After signing up, I also gave pilates, zumba toning and HIIT a try. I really enjoyed them, so I’ve settled on a weekly routine that’s a mixture of all the classes I liked. For a single workout package, I’m super happy that I can change it up according to what I feel like doing that day.
Exploring the different exercises made me think about creative dabbling. Just like how I’m interested in many types of artistic expressions, it seems I approach fitness the same way. Instead of doing one type of exercise, I have zumba on one day, then muay thai the next, then pilates on the following day. Nothing is on repeat and this keeps me interested.
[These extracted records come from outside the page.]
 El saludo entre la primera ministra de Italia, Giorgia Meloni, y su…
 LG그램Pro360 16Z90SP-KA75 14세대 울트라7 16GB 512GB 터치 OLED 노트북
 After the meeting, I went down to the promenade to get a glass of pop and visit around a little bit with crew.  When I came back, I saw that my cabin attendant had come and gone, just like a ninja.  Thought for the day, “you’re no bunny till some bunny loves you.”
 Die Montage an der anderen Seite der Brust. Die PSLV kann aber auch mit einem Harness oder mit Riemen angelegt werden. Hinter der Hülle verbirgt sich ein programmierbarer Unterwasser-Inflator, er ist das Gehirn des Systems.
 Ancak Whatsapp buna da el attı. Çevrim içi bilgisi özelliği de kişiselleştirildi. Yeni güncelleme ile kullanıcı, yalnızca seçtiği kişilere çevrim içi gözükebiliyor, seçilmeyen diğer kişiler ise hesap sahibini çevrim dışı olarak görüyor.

I get excited when I can personalise and choose what I want to focus on in a particular week.
I’m discovering that this explorative style works well for me because I prefer some flexibility within a structured framework. And even though I am dipping my hands in many buckets, my exploration doesn’t take away from my original intention, which is to keep fit and take care of my body.
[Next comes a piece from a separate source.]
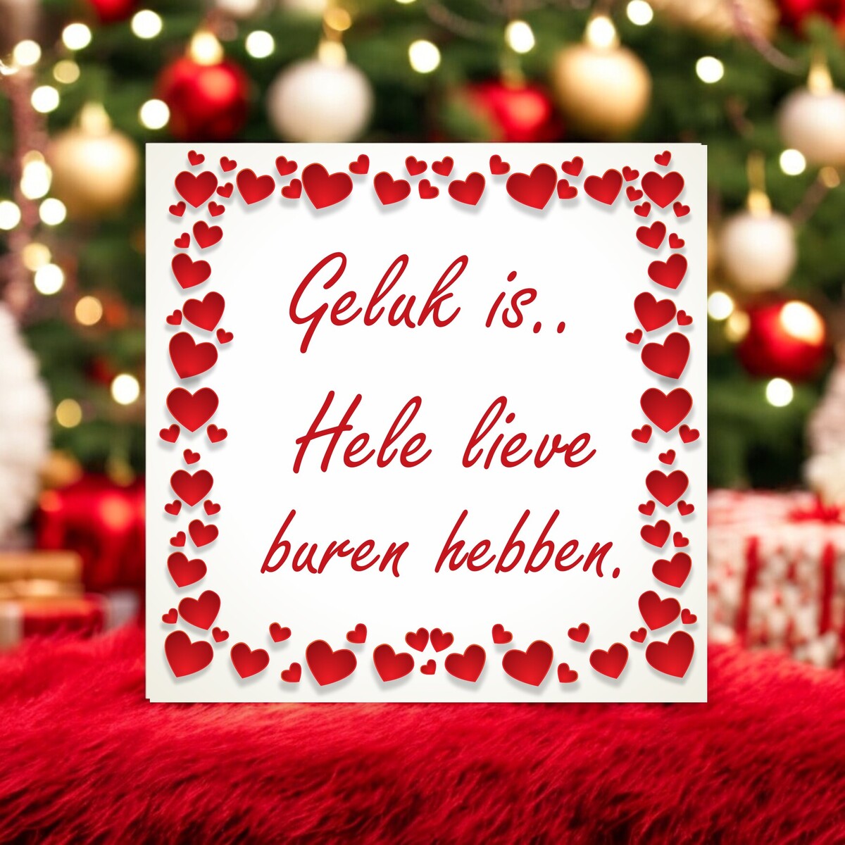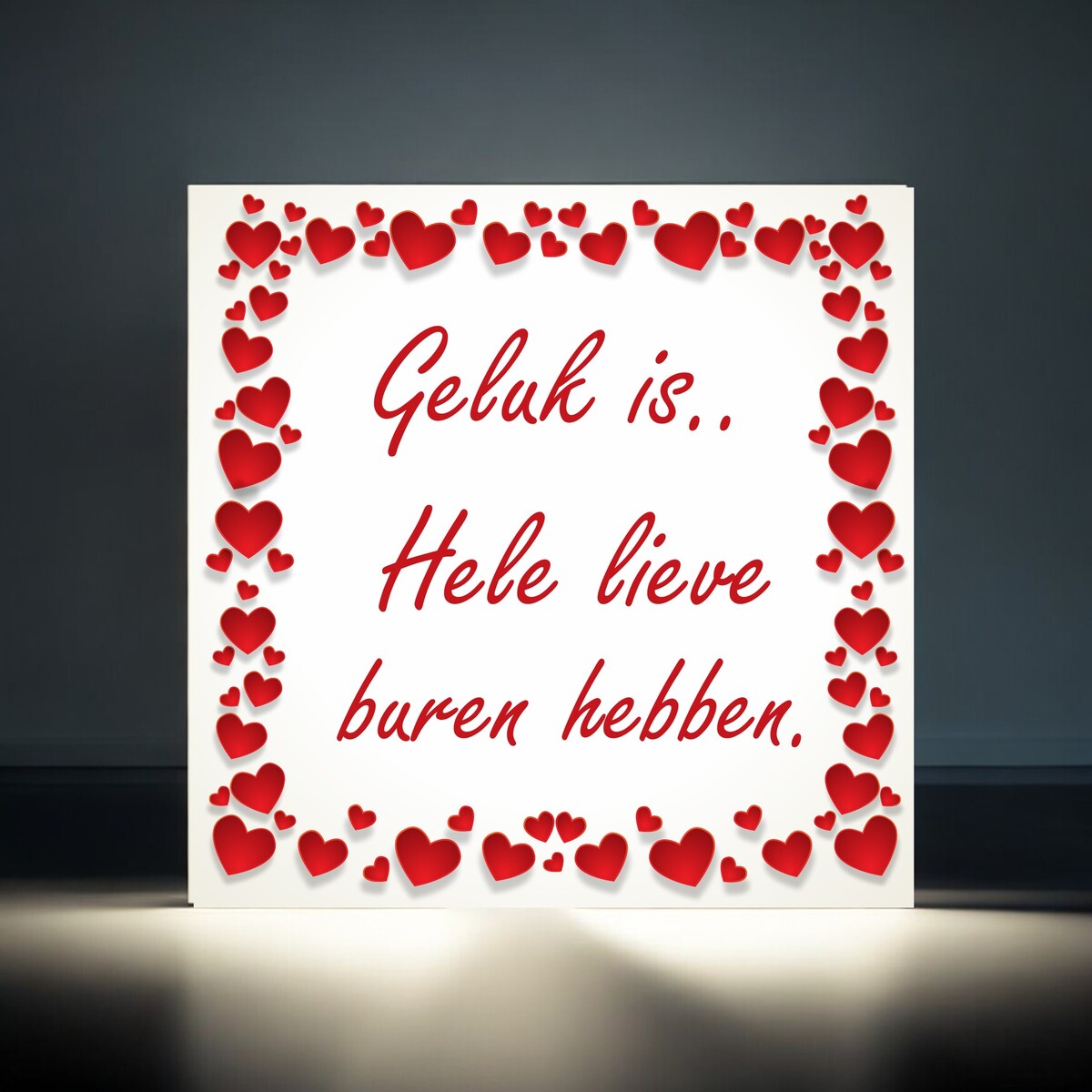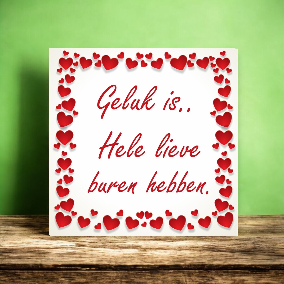 Tegeltje voor hele lieve buren! Op het tegeltje staat de tekst 'Geluk is ... Hele lieve buren hebben.' Dit tegeltje heeft een formaat van 15cm x 15cm.
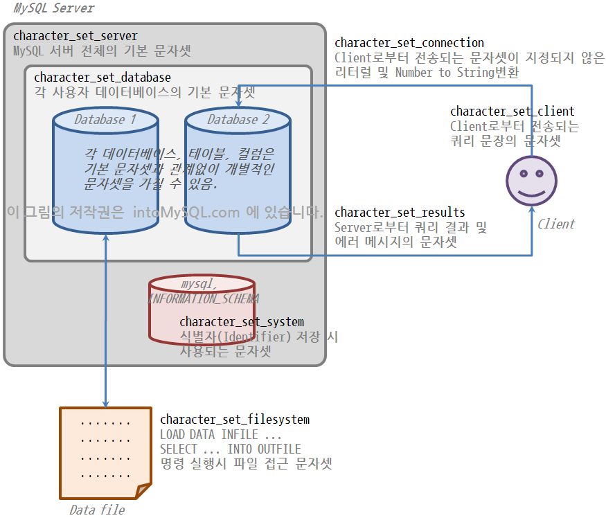 MySQL에서 설정 가능한 Character set 관련 변수들은 아래와 같은 것들이 있다.

The same can be said for my creative endeavours. Underneath my desire to write, paint, photograph or make videos is a simple yearning: I want to tell a story. A good one.
And my far-flung interests may seem random and disjointed, but there is a singular motivation that driving us to keep poking, to stay curious. The reason may not be clear immediately—I sure didn’t figure that one out in a year or five years; it took a really long time— but I guess our job is to follow the breadcrumbs and see where it leads, and have fun along the way.